I’m not sure if I should be writing a blog for architects. As some of you know, my expertise is in database systems. In response to this blog, I’m likely to get flames from some of you informing me about how I have missed the boat in my observations. If that happens, then all is not lost as we may be able to bring the architecture and database communities closer with this discussion. For this I can say confidently: some of us in the database community are not sure about what parallelism model future commodity processors will present, and as corollary what we should do from both an algorithmic and a software engineering perspectives so that data processing software can use future hardware efficiently.
Over the next few blogs, I’ll go into a number of issues expanding on this point. In this blog, I argue that commodity main-stream processors are overly complicated, and we should simplify them to expose a simple shared-nothing view of parallelism, and if needed build any complexity in the software layer. Thus, I’m advocating for KISS as the default principle for designing commodity processors.

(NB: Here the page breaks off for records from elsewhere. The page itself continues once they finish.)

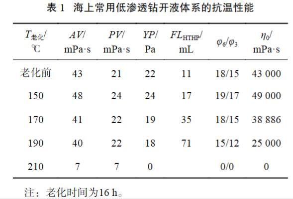 表1海上常用低滲透鉆開液體系的抗溫性能
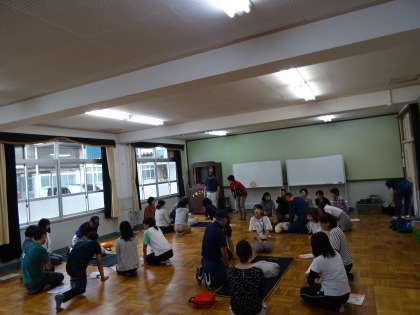 グループに分かれ,胸部圧迫を行いました。
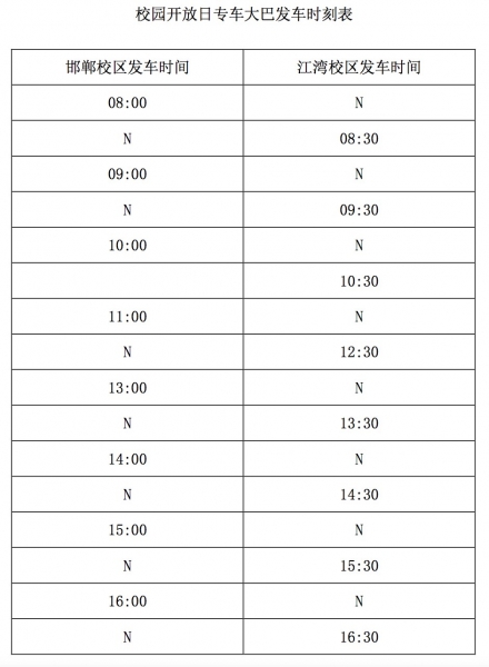 温馨提示:请考生和家长乘坐公共交通工具来访。开放日当天,为方便考生和家长前往江湾校区,邯郸校区与江湾校区之间将安排往返专车大巴一辆,每一小时发车一班。
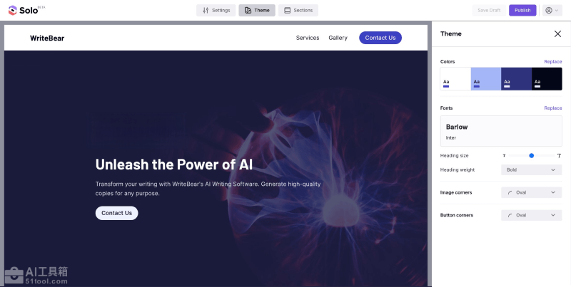 Solo(Solo AI Website Composer)是火狐浏览器的母公司Mozilla最新推出的一个创新项目——面向个人企业家、自由职业者的一个人工智能网站创建工具。借助AI的能力,用户无需具有编程经验和代码知识,输入文本提示、可视化添加内容块、图像、布局、主题即可创建精美视觉效果的网页和网站。
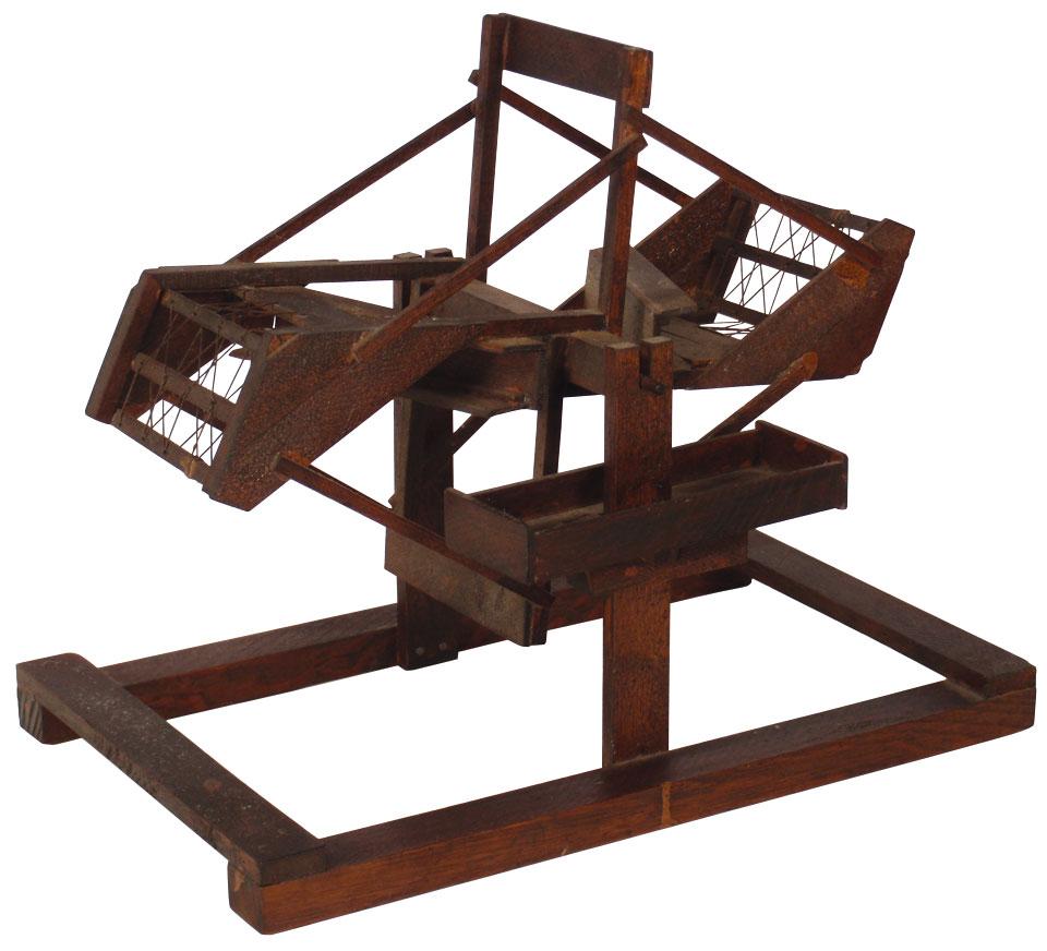 Salesman's sample or working model gleaner, wood & metal construction, revolves, VG cond w/old patin
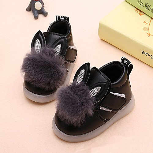 【YW】 冬の季節の赤ちゃんの革靴 赤ん坊女 亮の靴が 学步靴 プリンセス靴赤ちゃんの綿靴 (25:15cm, 黒い)
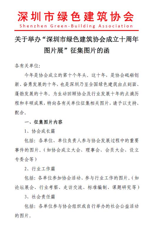 關(guān)于舉辦“深圳市綠色建筑協(xié)會成立十周年圖片展”征集圖片的函
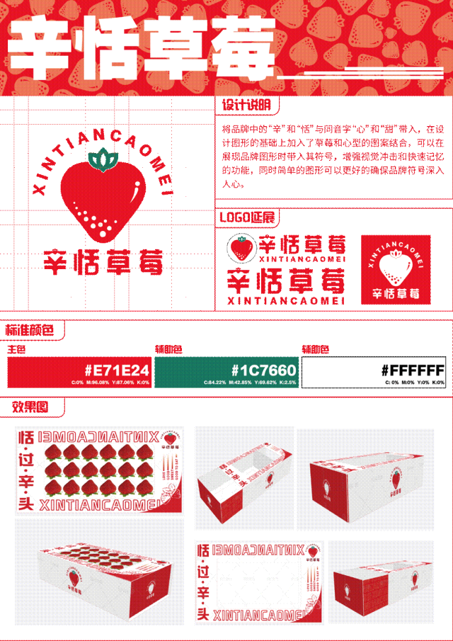 介绍:将品牌中的“辛”和“恬”与同音字“心”和“甜”带入,在设计图形的基础上加入了草莓和心型的图案结合,可以在展现品牌图形时带入其符号,增强视觉冲击和快速记忆的功能,同时简单的图形可以更好的确保品牌符号深入人心。
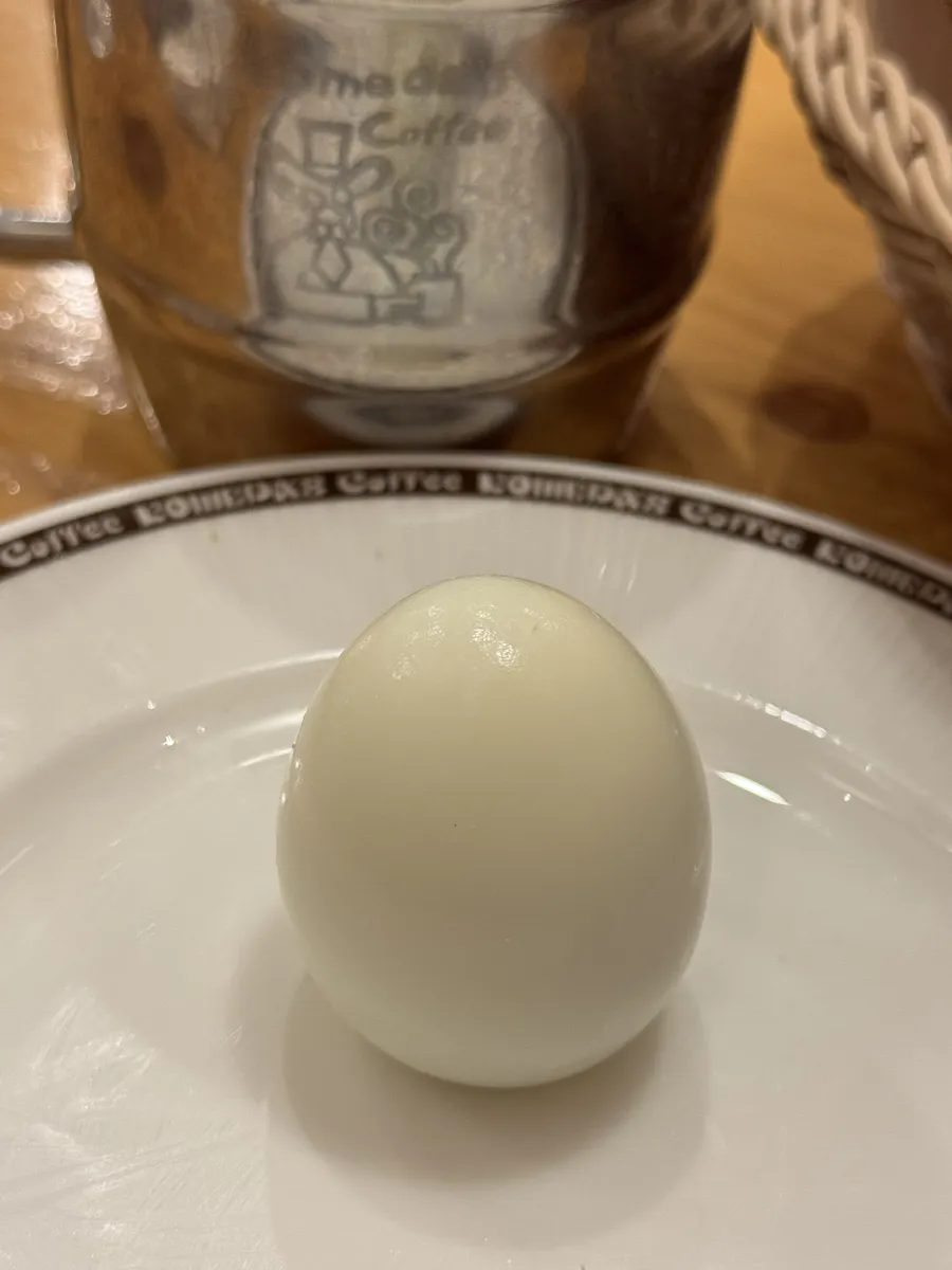 ゆでたまご🥚さん、大好きなコメダおじさんを見つめていたら自分の姿も映っていて嬉しそうです🥚🎶。

First, a refresher on parallelism models for database systems
Back in the 1980s when database systems needed to scale-out to work on multi-processor systems, there was a vibrant debate in the community about different models of parallelism. Two of the popular models were shared-nothing and shared-memory. In shared-nothing, the hardware model is that of independent processors, and there is no sharing of any storage resources. Thus, the (database) software explicitly deals with data partitioning and synchronization by moving data across a communication medium. In this case, the database software is very aware of data movement costs, and hence has explicit methods to optimizing for it. In the shared-memory model, there is global memory addressable across all the processors, and common data structures (e.g. buffer pool and lock tables) can be put there. The shared-memory model made it easier to port existing database software to the parallel processing world, but quickly ran into performance issues. Why? Systems that used the shared-memory model often found that to get high performance, they had to worry about issues such as data partitioning and data movement too! The bottom-line is that shared-nothing while more complicated, is a better way to build high-performance database systems. It exposes a simple way to reason about the hardware and the actual costs associated with parallelism are dealt with in a direct way in the software.
The slide into forced shared-memory
Since the start of the multi-core era, we have now slipped into a hardware model that defaults to what I call a “forced shared-memory” model. Today, if you are on a multi-processor machine, and care about performance, you have to be careful about the location of the memory allocation, and the binding of computation to the location of the associated data (the “gift” of NUMA). The processor is going to do things like run cache coherence protocols and share caches across cores on the same processor (e.g. at the L3 level), all of which gets in the way of having a transparent performance model that the software can reason about. For example, at one instance, access to your data may be fast, but the very next access could be slow because of some coherence protocol effect that invalidated your copy (or data that happens to be on the same cache line as your data). Or, some data in L3 just got bumped out of the L3 because of some other computation on some other processing unit. (All these problems get worse when the infrastructure is shared across applications.)
Now some of you might say to me that if I don’t like the default forced shared-memory model, then I can engineer around it by using mechanisms like NUMA-aware memory management, use (L3) cache partitioning/allocation primitive, etc. Sure, we can workaround some issues, but other features (e.g. cache coherence), are always on. More importantly, the complexity is in the wrong place, especially as we look ahead to the future.
Time to simplify?
Thus, it is likely time to simplify the parallel processor performance model by simplifying (commodity) processor design itself. Why not go back to having simpler processing units that can be bundled easily into shared-nothing clusters? So, go ahead and take away things like the coherence protocols. Make these processing widgets have a transparent and more predictable performance model. Let applications worry about how to achieve efficient sharing. If we need to provide a coherent memory model, then let’s build that logic/magic into a systems layer above (we need to do that anyways for clusters). This approach is also going to be easier to debug and improve, as you have to change a software implementation rather than a hardware implementation! One might even be able to create a compiler/translator so that current applications can work with little or no modification (although perhaps slowly) on such a hardware. Applications that care about performance, will likely have to do what database software did decades ago – work with a shared-nothing hardware view, and build-in methods to explicitly worry and optimize data movement. Astute readers may have noted that this way of thinking is inevitable for applications that need to scale/break-out beyond the limited parallelism that can be offered in a single box, so that is another key advantage.
Some of you might say that specialization of type X (your favorite type goes here) is essentially doing some or all of this. More power to you, I say. But, how about complementing such work with efforts to simplify the default main-stream commodity processors that largely run the world today. The approach described above may also free up resources on the processor die for architects to dream up other ways to use it in creative ways.
Jignesh Patel is a Professor of Computer Sciences at the University of Wisconsin and works on databases.